Transcribe word for word the lines below from the line with "Vụ tai nạn xảy" through the line with "深圳市龙岗区平湖第二实验学校", ends included.

Data excerpts
== == ==
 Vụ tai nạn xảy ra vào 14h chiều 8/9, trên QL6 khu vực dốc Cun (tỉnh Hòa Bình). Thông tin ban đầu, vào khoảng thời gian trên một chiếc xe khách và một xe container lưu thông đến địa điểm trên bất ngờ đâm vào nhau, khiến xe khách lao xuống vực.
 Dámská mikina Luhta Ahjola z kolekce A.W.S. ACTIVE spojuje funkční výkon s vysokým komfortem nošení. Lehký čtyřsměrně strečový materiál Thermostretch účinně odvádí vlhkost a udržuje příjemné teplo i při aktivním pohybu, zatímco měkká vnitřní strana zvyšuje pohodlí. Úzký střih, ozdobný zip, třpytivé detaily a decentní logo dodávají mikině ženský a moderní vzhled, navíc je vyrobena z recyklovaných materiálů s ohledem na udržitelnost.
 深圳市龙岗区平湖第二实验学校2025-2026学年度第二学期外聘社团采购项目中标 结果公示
== == ==
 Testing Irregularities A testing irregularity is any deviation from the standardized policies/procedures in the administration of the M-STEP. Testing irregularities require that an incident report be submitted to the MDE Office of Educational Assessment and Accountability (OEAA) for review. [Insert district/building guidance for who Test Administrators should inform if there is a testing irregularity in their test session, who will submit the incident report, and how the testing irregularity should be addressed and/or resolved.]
== == ==
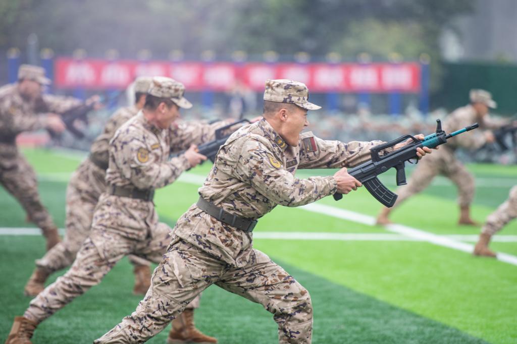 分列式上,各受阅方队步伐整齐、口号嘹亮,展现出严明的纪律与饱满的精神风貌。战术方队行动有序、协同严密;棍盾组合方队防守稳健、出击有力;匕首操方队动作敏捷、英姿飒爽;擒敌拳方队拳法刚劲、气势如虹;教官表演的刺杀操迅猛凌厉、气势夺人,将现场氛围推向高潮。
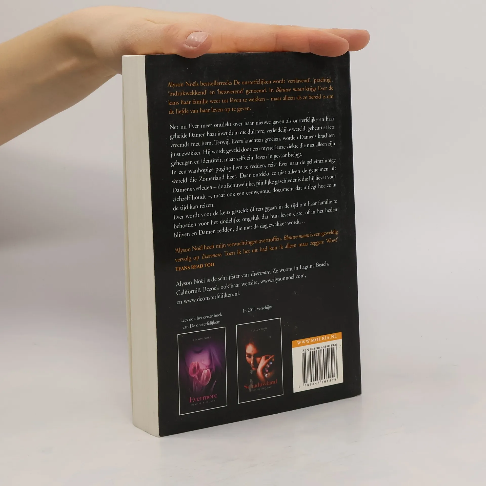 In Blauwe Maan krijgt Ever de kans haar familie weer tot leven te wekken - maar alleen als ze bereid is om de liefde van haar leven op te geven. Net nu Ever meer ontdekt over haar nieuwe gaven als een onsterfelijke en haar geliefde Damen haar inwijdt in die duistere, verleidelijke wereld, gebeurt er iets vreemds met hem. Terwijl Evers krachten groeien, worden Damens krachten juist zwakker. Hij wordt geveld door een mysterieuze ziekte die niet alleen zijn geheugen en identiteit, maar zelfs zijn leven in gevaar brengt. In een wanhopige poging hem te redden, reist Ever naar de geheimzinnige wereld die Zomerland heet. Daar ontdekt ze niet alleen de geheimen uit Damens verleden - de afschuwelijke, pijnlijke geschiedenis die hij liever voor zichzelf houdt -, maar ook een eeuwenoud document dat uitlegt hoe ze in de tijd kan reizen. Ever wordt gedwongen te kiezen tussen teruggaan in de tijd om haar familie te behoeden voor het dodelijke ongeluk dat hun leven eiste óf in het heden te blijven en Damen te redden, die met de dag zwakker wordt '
== == ==
Solution to the exercise
 Vụ tai nạn xảy ra vào 14h chiều 8/9, trên QL6 khu vực dốc Cun (tỉnh Hòa Bình). Thông tin ban đầu, vào khoảng thời gian trên một chiếc xe khách và một xe container lưu thông đến địa điểm trên bất ngờ đâm vào nhau, khiến xe khách lao xuống vực.
 Dámská mikina Luhta Ahjola z kolekce A.W.S. ACTIVE spojuje funkční výkon s vysokým komfortem nošení. Lehký čtyřsměrně strečový materiál Thermostretch účinně odvádí vlhkost a udržuje příjemné teplo i při aktivním pohybu, zatímco měkká vnitřní strana zvyšuje pohodlí. Úzký střih, ozdobný zip, třpytivé detaily a decentní logo dodávají mikině ženský a moderní vzhled, navíc je vyrobena z recyklovaných materiálů s ohledem na udržitelnost.
 深圳市龙岗区平湖第二实验学校2025-2026学年度第二学期外聘社团采购项目中标 结果公示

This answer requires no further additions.